Stored data
━━━━━━━━━━━━━━━━━━━━

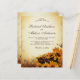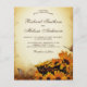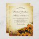 Överraska dina gäster med denna eleganta bröllopsinbjudan som passar alla budgetar och som visar en korg full av solrosor och fjärilar mot en vintage pergamentbakgrund. Lägg bara till dina evenemangsuppgifter i denna lättanvända mall för att göra den till en unik inbjudan.
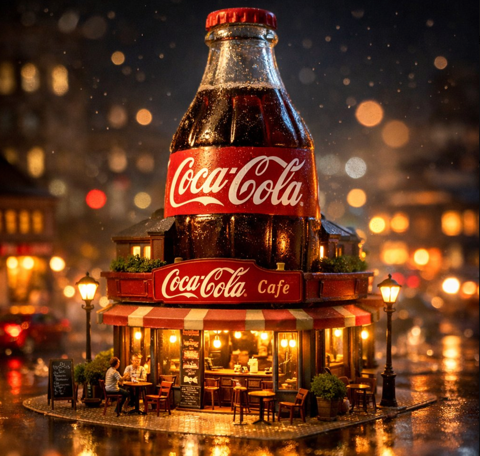 Prompt:A surreal miniature city scene where a giant soda bottle transforms into a cozy café building. The bottle forms the upper structure while the g
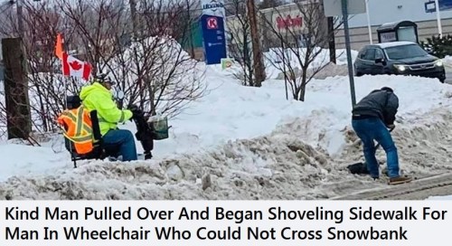 RANDOM ACTS OF KINDNESS: The guy who took the photo above says he was at an intersection in New Minas, Nova Scotia, when he saw a car pull over and a man from inside jump out, get a snow shovel out of his trunk, and run over to clear the sidewalk for the fellow on the mobility scooter.
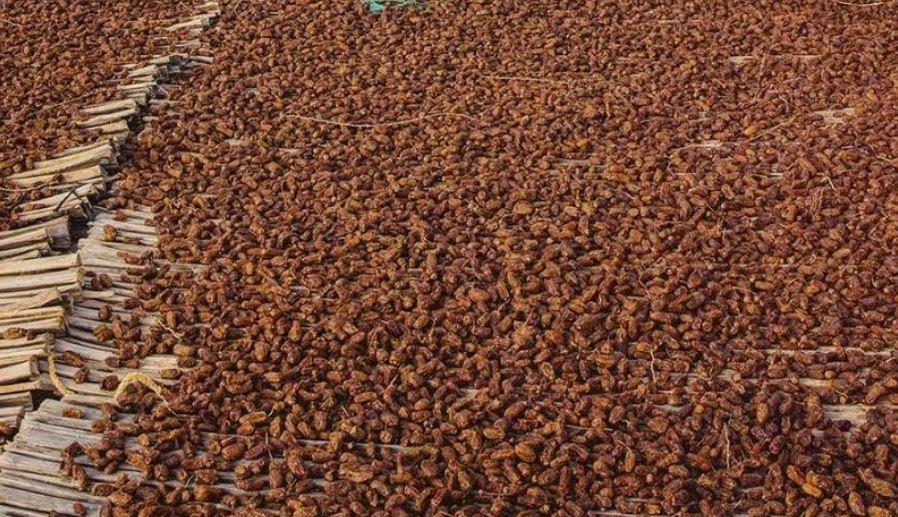 ويأخذ الرطب عادة في هذا الوقت من العام إلى نحو 7 إلى 10 أيام تحت الشمس ليفقد رطوبه و يتحول إلى تمر، و يعد صنف" الخلاص" ملك التمور بين انواع الرطب المختلفة.
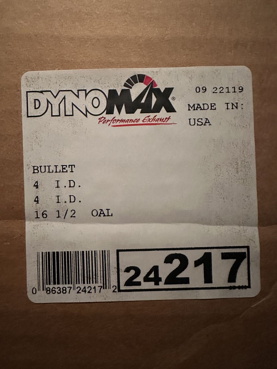 2 DynoMax Race Bullet Mufflers. Bought these for my project truck but ended up not needing them, still new in box. Sold together as a set only.
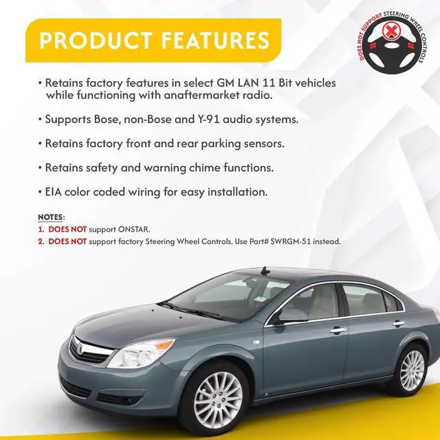 Supports Bose, non-Bose and Y-91 audio systems ^^ Retains factory front and rear parking sensors ^^ Retains safety and warning chime functions ^^ Adjustable Chime Volume ^^ EIA color coded wiring for easy installation
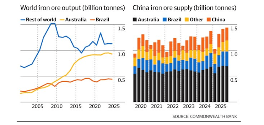 Ngân hàng Commonwealth Bank của Úc đã đưa ra cảnh báo tiêu cực về ngành quặng sắt Úc, cho rằng Trung Quốc sẽ ngày càng giảm phụ thuộc vào nhập khẩu quặng sắt từ Úc nếu nước này sử dụng ưu thế thống trị hiện tại về quặng sắt của mình để gây áp lực dưới sức ép từ Mỹ.
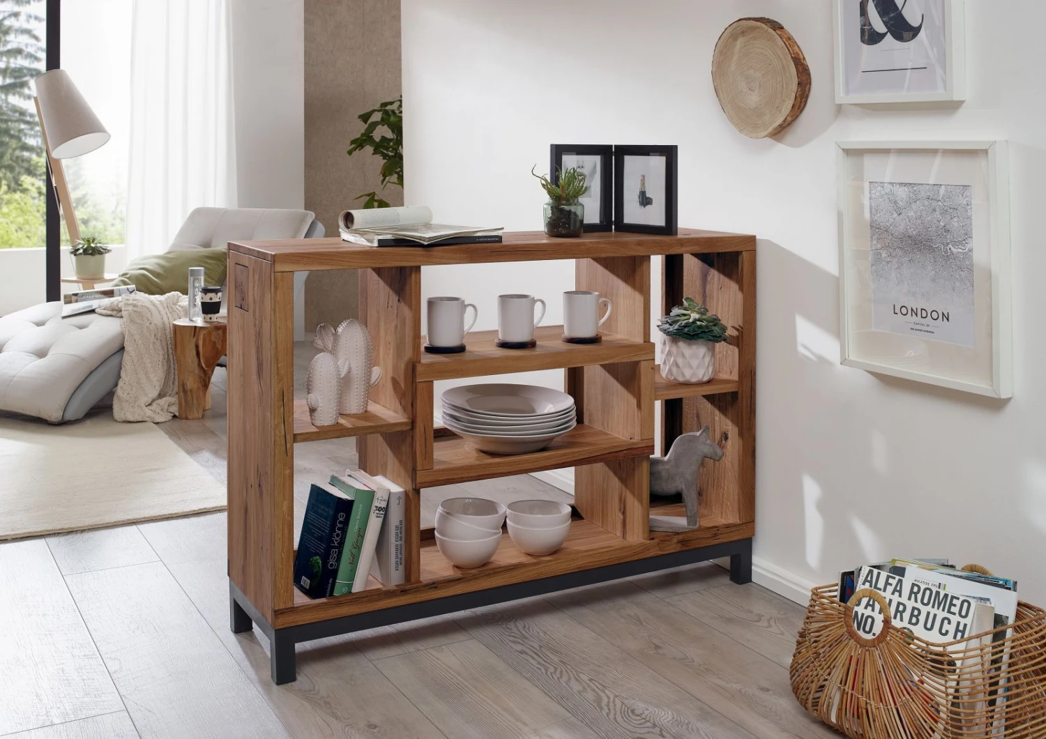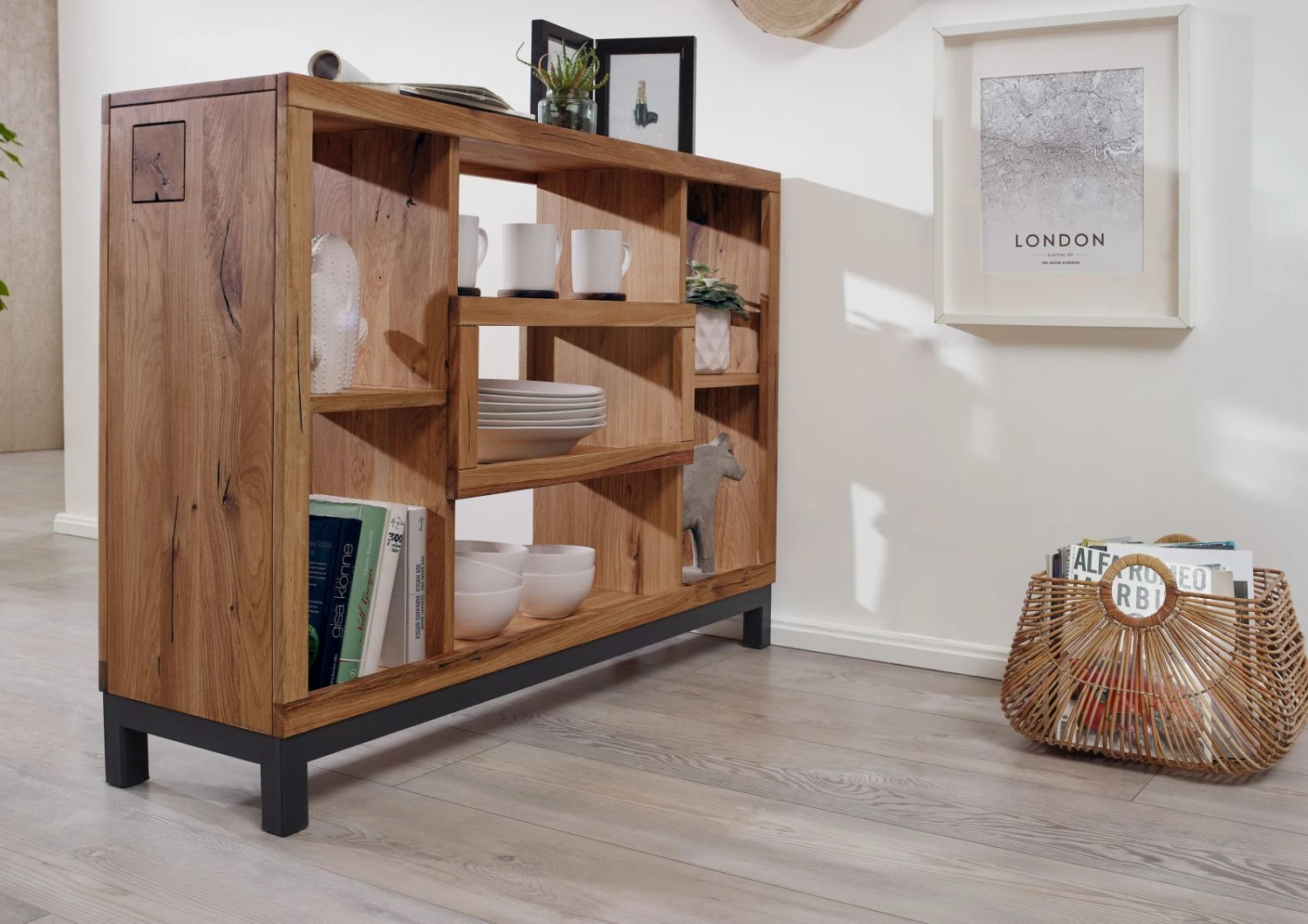 La collection VILLANDERS combine le bois de chêne sauvage, et ses fissures naturelles, avec des éléments métalliques noirs. Cette série de meubles modernes de haute qualité est disponibles en trois teintes élégantes. Qu’il s’agisse de la couleur tabacco brown, bianco ou bois naturel, les trois variations de cette série VILLANDERS apporteront charme individuel à votre intérieur. Le chêne sauvage se distingue non seulement par sa grande stabilité et sa qualité exceptionnelle, mais aussi par son aspect brut et son allure sauvage. En effet, son grain impressionnant, ses nombreux nuds et ses fissures naturelles, caractérisent la surface de chaque meuble rendant exclusif le mobilier de cette série très particulière. Pour un plus grand confort, tous les tiroirs et portes de ces meubles sont équipés de charnières et de glissières à fermeture en douceur.
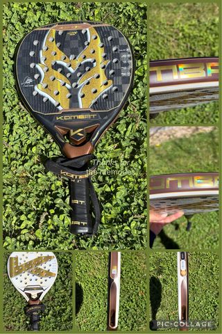 Pala de pádel Kombat con un diseño llamativo en negro y dorado. - Superficie rugosa. - Grip negro con logo. - Protector en el marco. - En su caja. - La use en 3 partidos. Con formato diamante y balance alto, la Xifos V2 incorpora materiales de última generación que ofrecen un rendimiento único. Su gran novedad son sus dos caras diferenciadas: Una con carbono 18K, para tu lado más estratega, con excelente control y salida de bola. Otra con carbono 12K, para tu lado más agresivo, con la máxima potencia. Más especificaciones en la web.
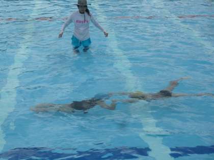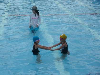 2年生に見本で伏し浮きを見せてもらったあと,2年生に手を持ってもらって,1・2年生で伏し浮きをしました。とっても上手に伏し浮きをしてくれたペアがありました。
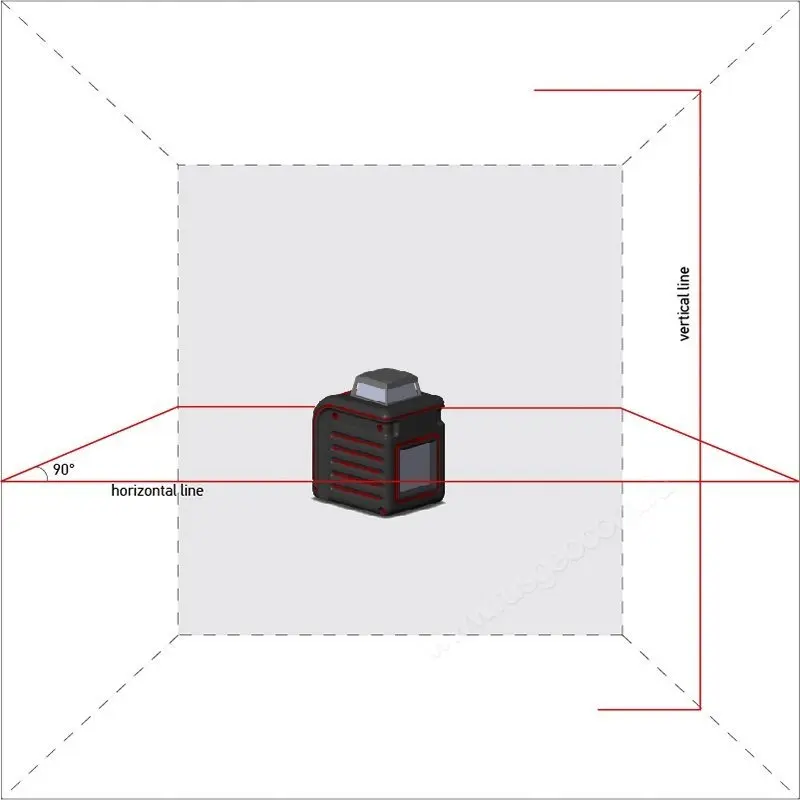 Помимо горизонтального луча на 360 градусов, прибор проецирует вертикальную линию перед собой. Благодаря этому можно одновременно выполнять горизонтальную и вертикальную разметку. Угол между линиями составляет ровно 90 градусов для точной и быстрой поклейки плитки, обоев, бордюров и т. д.
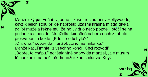 „Dobře, to chápu,” nonšalantně odpovídá manžel, „ale musím tě upozornit na naši předmanželskou smlouvu. Když se rozvedeš, no to pak nebudou žádné výlety do Dubaje, nákupy v Paříži, dovolená v Cancúnu, Porsche v garáži a žádné kapesné. Ale to je tvé rozhodnutí - jak chceš.”
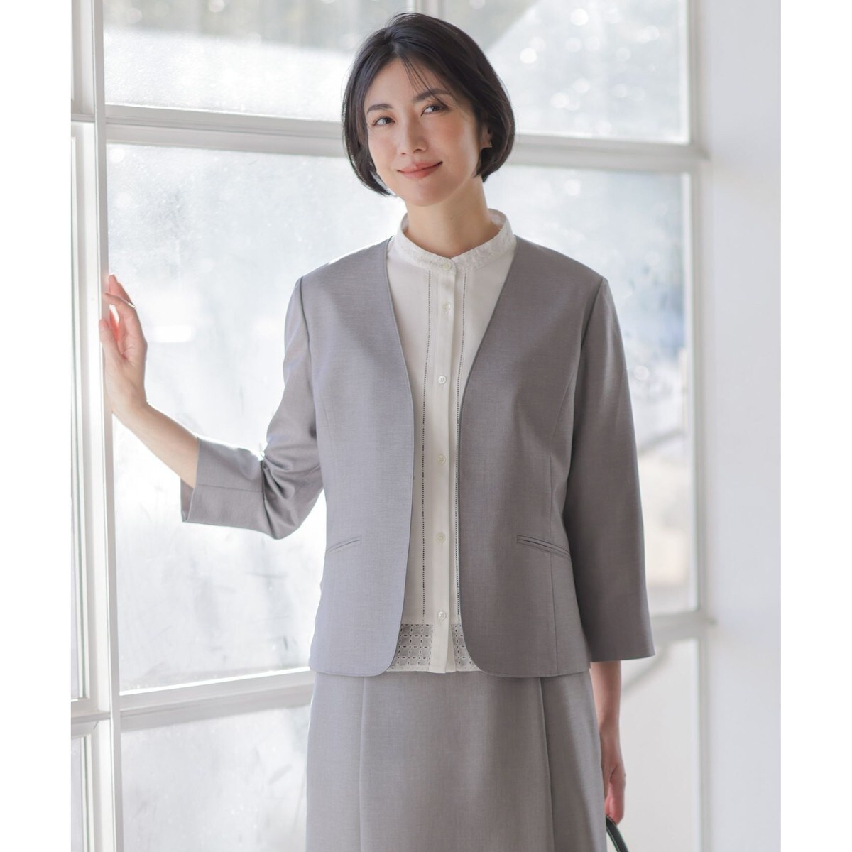 ■デザイン羽織感覚でさらりと着られる、軽やかなノーカラージャケット。フロントはホック1つで留めるミニマルなデザインにし、シャープなVネックがデコルテラインをすっきりと見せてくれます。バックスタイルはウエスト部分に切り替えを入れ、シンプルながらもメリハリのあるシルエットに仕上げました。8分袖でリターンできる設定にしており、手首まわりを見せて抜け感のある軽やかな雰囲気に。裏なしです。
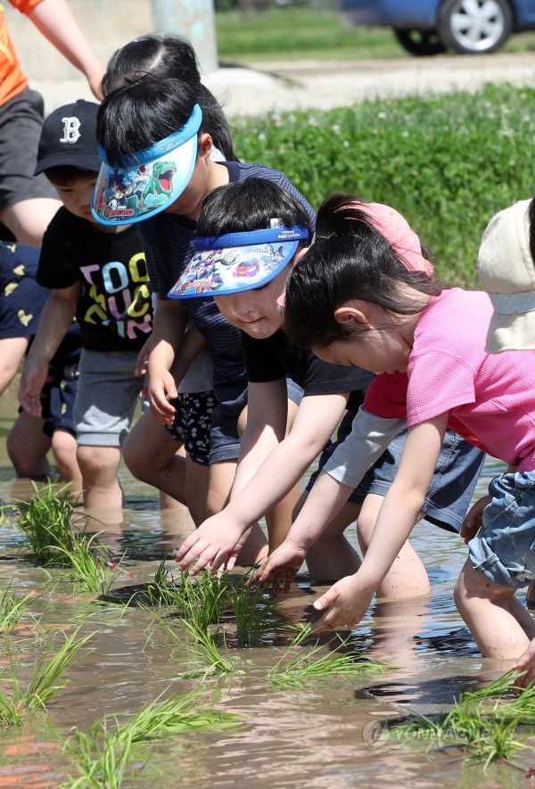 23일 오전 강원 춘천시 강원도농업기술원 인근 논에서 강원대학교 부속어린이집 원아들이 모내기 체험을 하고 있다.
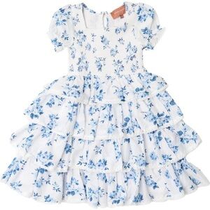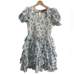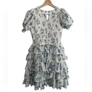 JESSAKAE Smocked Top Tiered Ruffled Floral Blue And White Dress Size Medium
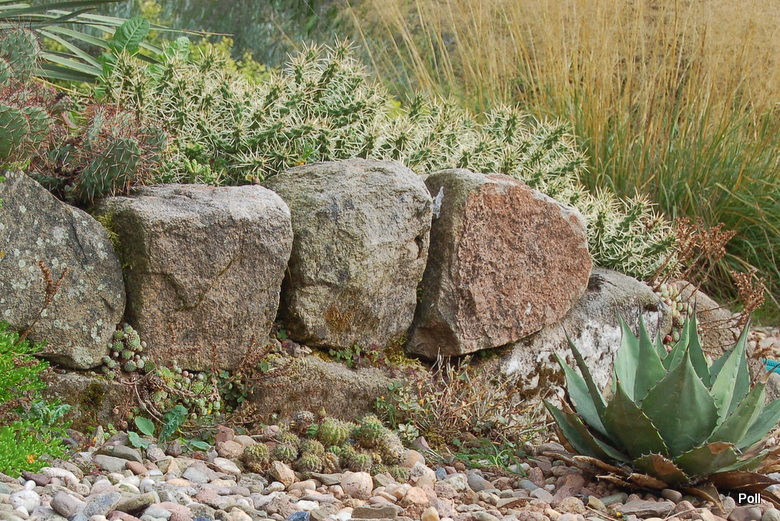 Pięknie skomponowane suche rabaty w Szkółce Grochowscy w Radkowie... Wśród roślin wielkie, zdrowo rozrośnięte kępy różnych opuncji , które nigdy - według słów właściciela - nie były przykrywane. Zdjęcia były robione 04.09.2016r, więc zamiast kwiatów, widzimy zawiązane owoce.

━━━━━━━━━━━━━━━━━━━━

HOW TO COMPLETE THIS TASK: The expected answer is the complete set of entries, copied verbatim, with no pictures.

TASK ANSWER:
 Överraska dina gäster med denna eleganta bröllopsinbjudan som passar alla budgetar och som visar en korg full av solrosor och fjärilar mot en vintage pergamentbakgrund. Lägg bara till dina evenemangsuppgifter i denna lättanvända mall för att göra den till en unik inbjudan.
 Prompt:A surreal miniature city scene where a giant soda bottle transforms into a cozy café building. The bottle forms the upper structure while the g
 RANDOM ACTS OF KINDNESS: The guy who took the photo above says he was at an intersection in New Minas, Nova Scotia, when he saw a car pull over and a man from inside jump out, get a snow shovel out of his trunk, and run over to clear the sidewalk for the fellow on the mobility scooter.
 ويأخذ الرطب عادة في هذا الوقت من العام إلى نحو 7 إلى 10 أيام تحت الشمس ليفقد رطوبه و يتحول إلى تمر، و يعد صنف" الخلاص" ملك التمور بين انواع الرطب المختلفة.
 2 DynoMax Race Bullet Mufflers. Bought these for my project truck but ended up not needing them, still new in box. Sold together as a set only.
 Supports Bose, non-Bose and Y-91 audio systems ^^ Retains factory front and rear parking sensors ^^ Retains safety and warning chime functions ^^ Adjustable Chime Volume ^^ EIA color coded wiring for easy installation
 Ngân hàng Commonwealth Bank của Úc đã đưa ra cảnh báo tiêu cực về ngành quặng sắt Úc, cho rằng Trung Quốc sẽ ngày càng giảm phụ thuộc vào nhập khẩu quặng sắt từ Úc nếu nước này sử dụng ưu thế thống trị hiện tại về quặng sắt của mình để gây áp lực dưới sức ép từ Mỹ.
 La collection VILLANDERS combine le bois de chêne sauvage, et ses fissures naturelles, avec des éléments métalliques noirs. Cette série de meubles modernes de haute qualité est disponibles en trois teintes élégantes. Qu’il s’agisse de la couleur tabacco brown, bianco ou bois naturel, les trois variations de cette série VILLANDERS apporteront charme individuel à votre intérieur. Le chêne sauvage se distingue non seulement par sa grande stabilité et sa qualité exceptionnelle, mais aussi par son aspect brut et son allure sauvage. En effet, son grain impressionnant, ses nombreux nuds et ses fissures naturelles, caractérisent la surface de chaque meuble rendant exclusif le mobilier de cette série très particulière. Pour un plus grand confort, tous les tiroirs et portes de ces meubles sont équipés de charnières et de glissières à fermeture en douceur.
 Pala de pádel Kombat con un diseño llamativo en negro y dorado. - Superficie rugosa. - Grip negro con logo. - Protector en el marco. - En su caja. - La use en 3 partidos. Con formato diamante y balance alto, la Xifos V2 incorpora materiales de última generación que ofrecen un rendimiento único. Su gran novedad son sus dos caras diferenciadas: Una con carbono 18K, para tu lado más estratega, con excelente control y salida de bola. Otra con carbono 12K, para tu lado más agresivo, con la máxima potencia. Más especificaciones en la web.
 2年生に見本で伏し浮きを見せてもらったあと,2年生に手を持ってもらって,1・2年生で伏し浮きをしました。とっても上手に伏し浮きをしてくれたペアがありました。
 Помимо горизонтального луча на 360 градусов, прибор проецирует вертикальную линию перед собой. Благодаря этому можно одновременно выполнять горизонтальную и вертикальную разметку. Угол между линиями составляет ровно 90 градусов для точной и быстрой поклейки плитки, обоев, бордюров и т. д.
 „Dobře, to chápu,” nonšalantně odpovídá manžel, „ale musím tě upozornit na naši předmanželskou smlouvu. Když se rozvedeš, no to pak nebudou žádné výlety do Dubaje, nákupy v Paříži, dovolená v Cancúnu, Porsche v garáži a žádné kapesné. Ale to je tvé rozhodnutí - jak chceš.”
 ■デザイン羽織感覚でさらりと着られる、軽やかなノーカラージャケット。フロントはホック1つで留めるミニマルなデザインにし、シャープなVネックがデコルテラインをすっきりと見せてくれます。バックスタイルはウエスト部分に切り替えを入れ、シンプルながらもメリハリのあるシルエットに仕上げました。8分袖でリターンできる設定にしており、手首まわりを見せて抜け感のある軽やかな雰囲気に。裏なしです。
 23일 오전 강원 춘천시 강원도농업기술원 인근 논에서 강원대학교 부속어린이집 원아들이 모내기 체험을 하고 있다.
 JESSAKAE Smocked Top Tiered Ruffled Floral Blue And White Dress Size Medium
 Pięknie skomponowane suche rabaty w Szkółce Grochowscy w Radkowie... Wśród roślin wielkie, zdrowo rozrośnięte kępy różnych opuncji , które nigdy - według słów właściciela - nie były przykrywane. Zdjęcia były robione 04.09.2016r, więc zamiast kwiatów, widzimy zawiązane owoce.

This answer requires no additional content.